The independent opinion pollster the Levada Center says people's patience is running out. Speaking at its annual conference which was devoted to economic issues, research professor Natalia Tikhonova predicted it would only be about another 12 months before these types of small and humorous protests are replaced by mass protests.
Tikhonova said 28 percent of the population was working in extra part-time jobs to support themselves. Luxury goods and holidays abroad were fast becoming a thing of the past for many of the middle class, but in the villages and regional areas the situation was even worse. There, she said, people were suffering from mass dismissals from factory lay-offs and if they had a job, they weren't being paid. Workers were being exploited by employers, and the share of unemployed had doubled over the last year.
A tale of two economies
But the misery, it seems, isn't evenly spread. Back in Moscow and St. Petersburg the rich are shopping their cashmere socks off. Anecdotally, representatives of luxury brands have said sales - since the sanctions started - have boomed, and now Bloomberg reports that even though overall sales may have dropped by 10 percent in Russia, 2015 was a great year for luxury brands. Hermes, it says, has doubled its floor space in the luxury department store, GUM, while Prada said it has significant sales growth and Rolls Royce sales in Russia were the strongest in all of Europe. Market analysts say the rich are traveling abroad less and are spending their money at home instead.
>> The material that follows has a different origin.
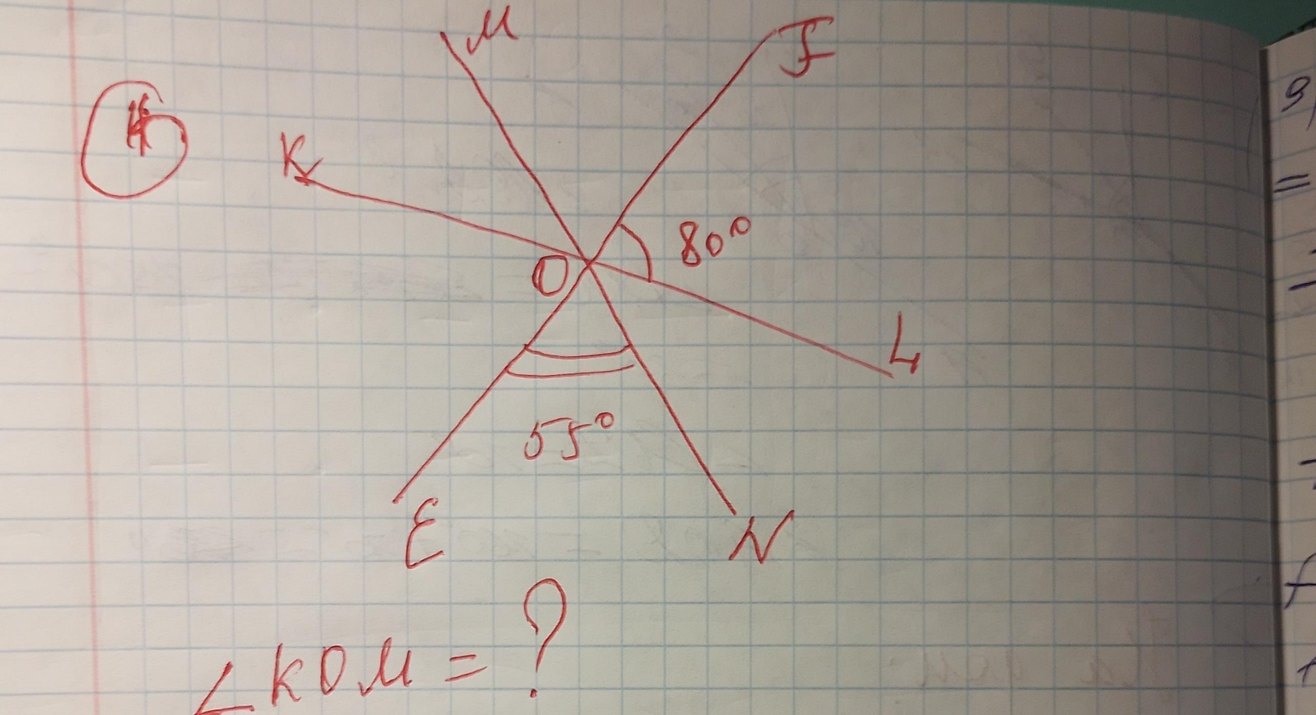 ∠KOM=∠NOL=180°-(∠EON+∠LOF)=180°-(55°+80°)=180°-135°=45°

And soon they may have even more to buy. In a bid to slow the economy's slide into oblivion along with the oil-price dependent ruble, the government is planning on selling off a stake in its oil and diamond companies as well as some parts of the banking sector. With its budget set on an oil price of $50 a barrel, and oil currently trading about $20 below that, the sale of part of these assets could net the government a healthy few billion dollars.
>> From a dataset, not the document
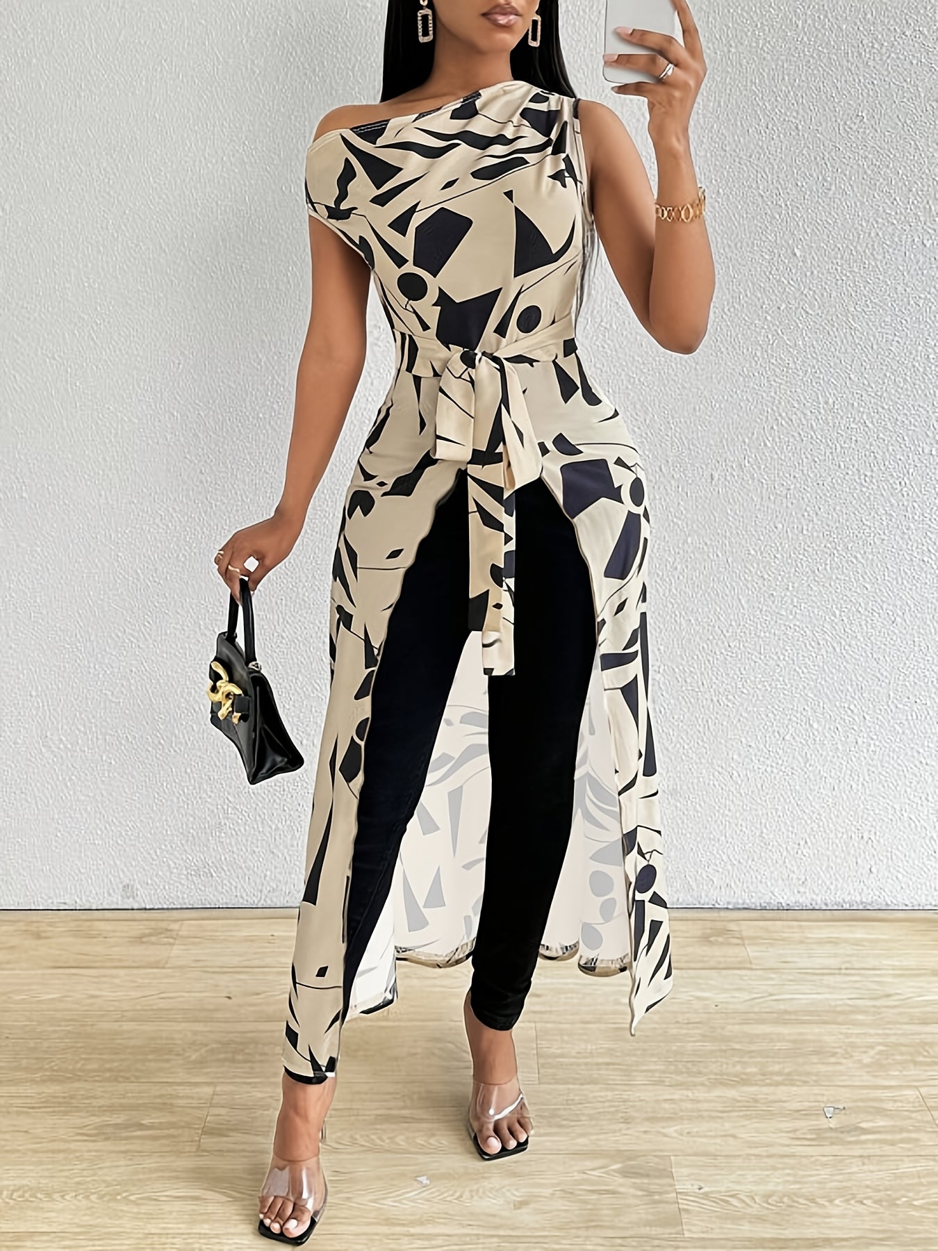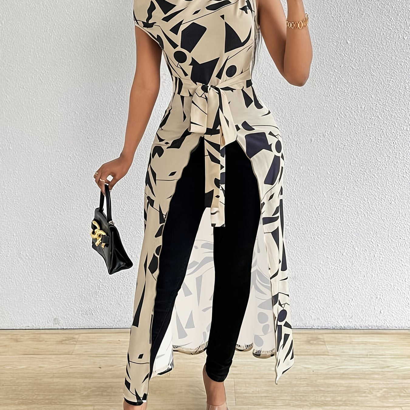 Stylish Women's Long T-Shirt - Versatile Geometric Pattern Print

Rosneft and Bashneft (oil producers) and the diamond producer Alrosa are among the most likely candidates for privatization this year, according to the economic development minister, Alexei Ulyukayev. President Vladimir Putin says Russia will maintain a controlling stake in the companies and that he doesn't want them sold at fire-sale prices. Analysts have questioned whether the sale will actually go ahead, but economic expediency may rule the day - and that's when Russia's rich will really go to town.